[INPUT DATA]
BEGIN

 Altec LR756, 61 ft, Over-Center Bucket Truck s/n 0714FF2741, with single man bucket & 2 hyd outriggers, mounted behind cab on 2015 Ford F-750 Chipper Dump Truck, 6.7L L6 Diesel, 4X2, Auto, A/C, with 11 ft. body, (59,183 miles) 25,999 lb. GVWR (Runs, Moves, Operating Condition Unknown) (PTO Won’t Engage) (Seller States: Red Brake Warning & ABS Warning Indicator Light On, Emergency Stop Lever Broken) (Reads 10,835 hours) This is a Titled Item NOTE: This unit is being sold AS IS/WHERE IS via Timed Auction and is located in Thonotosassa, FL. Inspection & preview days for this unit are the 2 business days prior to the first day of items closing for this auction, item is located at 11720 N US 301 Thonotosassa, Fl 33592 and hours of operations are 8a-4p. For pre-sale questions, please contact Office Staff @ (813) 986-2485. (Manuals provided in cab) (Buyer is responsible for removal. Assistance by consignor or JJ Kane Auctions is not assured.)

END
BEGIN

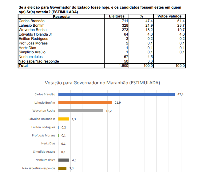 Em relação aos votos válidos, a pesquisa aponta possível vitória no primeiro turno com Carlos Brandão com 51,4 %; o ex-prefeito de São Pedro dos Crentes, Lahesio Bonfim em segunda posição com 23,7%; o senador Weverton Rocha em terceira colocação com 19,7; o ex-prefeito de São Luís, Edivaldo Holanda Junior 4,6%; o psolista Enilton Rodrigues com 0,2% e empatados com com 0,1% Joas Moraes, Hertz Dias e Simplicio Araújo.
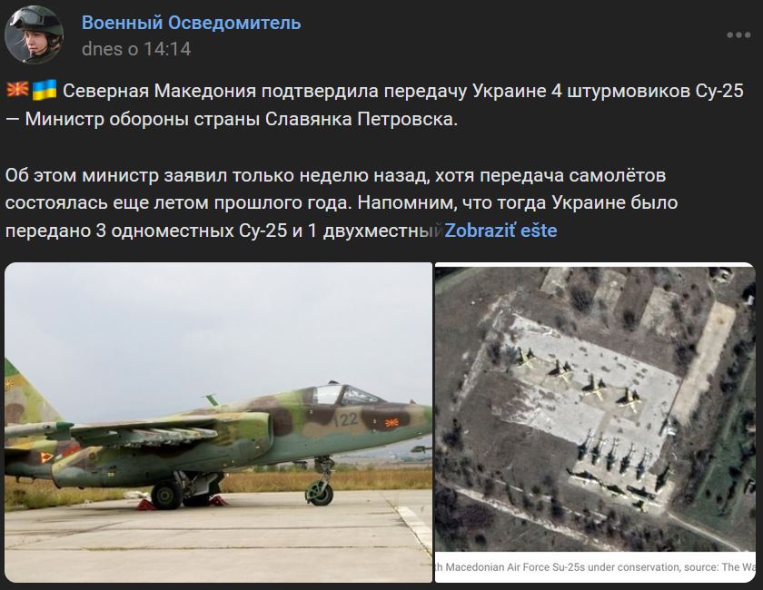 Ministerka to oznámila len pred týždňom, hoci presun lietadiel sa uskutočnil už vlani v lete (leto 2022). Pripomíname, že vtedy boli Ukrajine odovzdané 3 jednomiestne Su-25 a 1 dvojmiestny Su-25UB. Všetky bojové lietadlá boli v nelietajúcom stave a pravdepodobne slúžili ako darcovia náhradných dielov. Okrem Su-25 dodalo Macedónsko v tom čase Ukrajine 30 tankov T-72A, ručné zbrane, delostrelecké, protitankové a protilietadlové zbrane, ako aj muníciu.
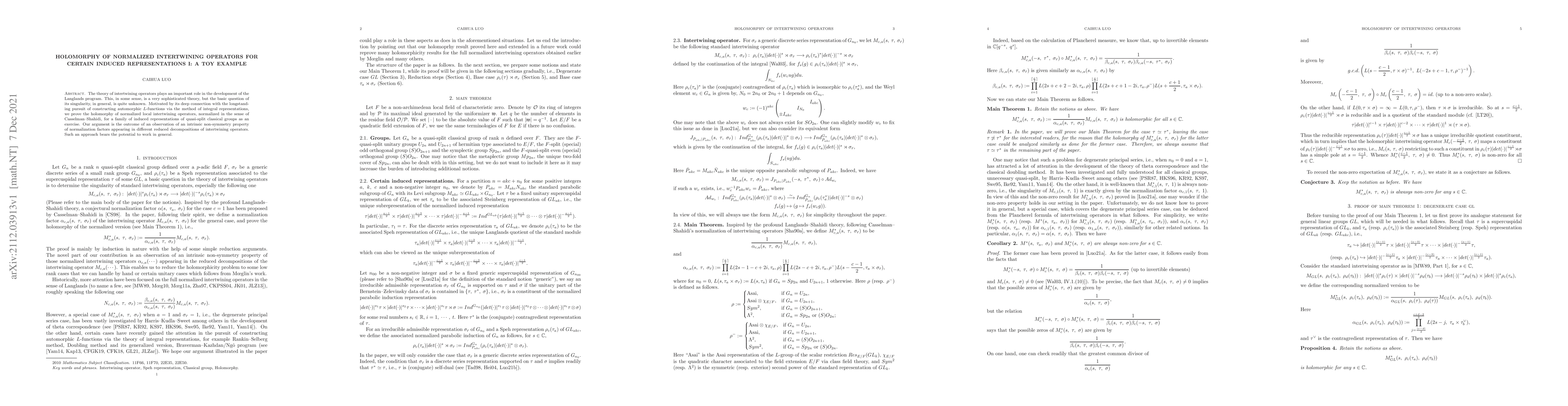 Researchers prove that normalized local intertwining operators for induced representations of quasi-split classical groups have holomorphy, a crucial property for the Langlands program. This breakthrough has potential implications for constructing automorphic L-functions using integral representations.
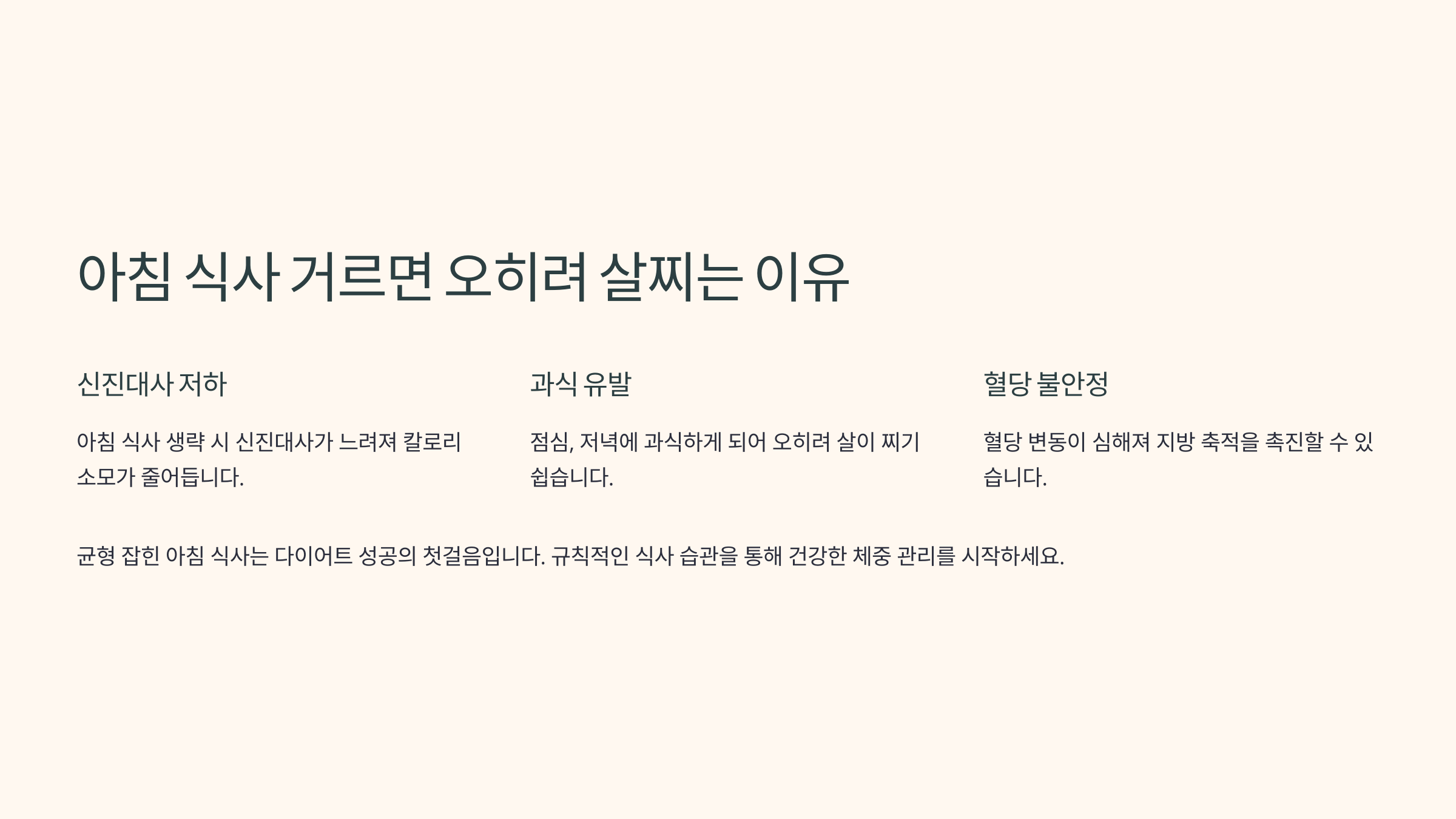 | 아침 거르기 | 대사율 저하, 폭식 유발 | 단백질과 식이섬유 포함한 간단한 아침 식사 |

END

[YOUR GOAL]
Repeat exactly the lines above, from the line that contains "Ministerka to oznámila" down through the line that contains "간단한 아침 식사 |". Include both of those lines and none of the pictures.

[EXPECTED ANSWER]
 Ministerka to oznámila len pred týždňom, hoci presun lietadiel sa uskutočnil už vlani v lete (leto 2022). Pripomíname, že vtedy boli Ukrajine odovzdané 3 jednomiestne Su-25 a 1 dvojmiestny Su-25UB. Všetky bojové lietadlá boli v nelietajúcom stave a pravdepodobne slúžili ako darcovia náhradných dielov. Okrem Su-25 dodalo Macedónsko v tom čase Ukrajine 30 tankov T-72A, ručné zbrane, delostrelecké, protitankové a protilietadlové zbrane, ako aj muníciu.
 Researchers prove that normalized local intertwining operators for induced representations of quasi-split classical groups have holomorphy, a crucial property for the Langlands program. This breakthrough has potential implications for constructing automorphic L-functions using integral representations.
 | 아침 거르기 | 대사율 저하, 폭식 유발 | 단백질과 식이섬유 포함한 간단한 아침 식사 |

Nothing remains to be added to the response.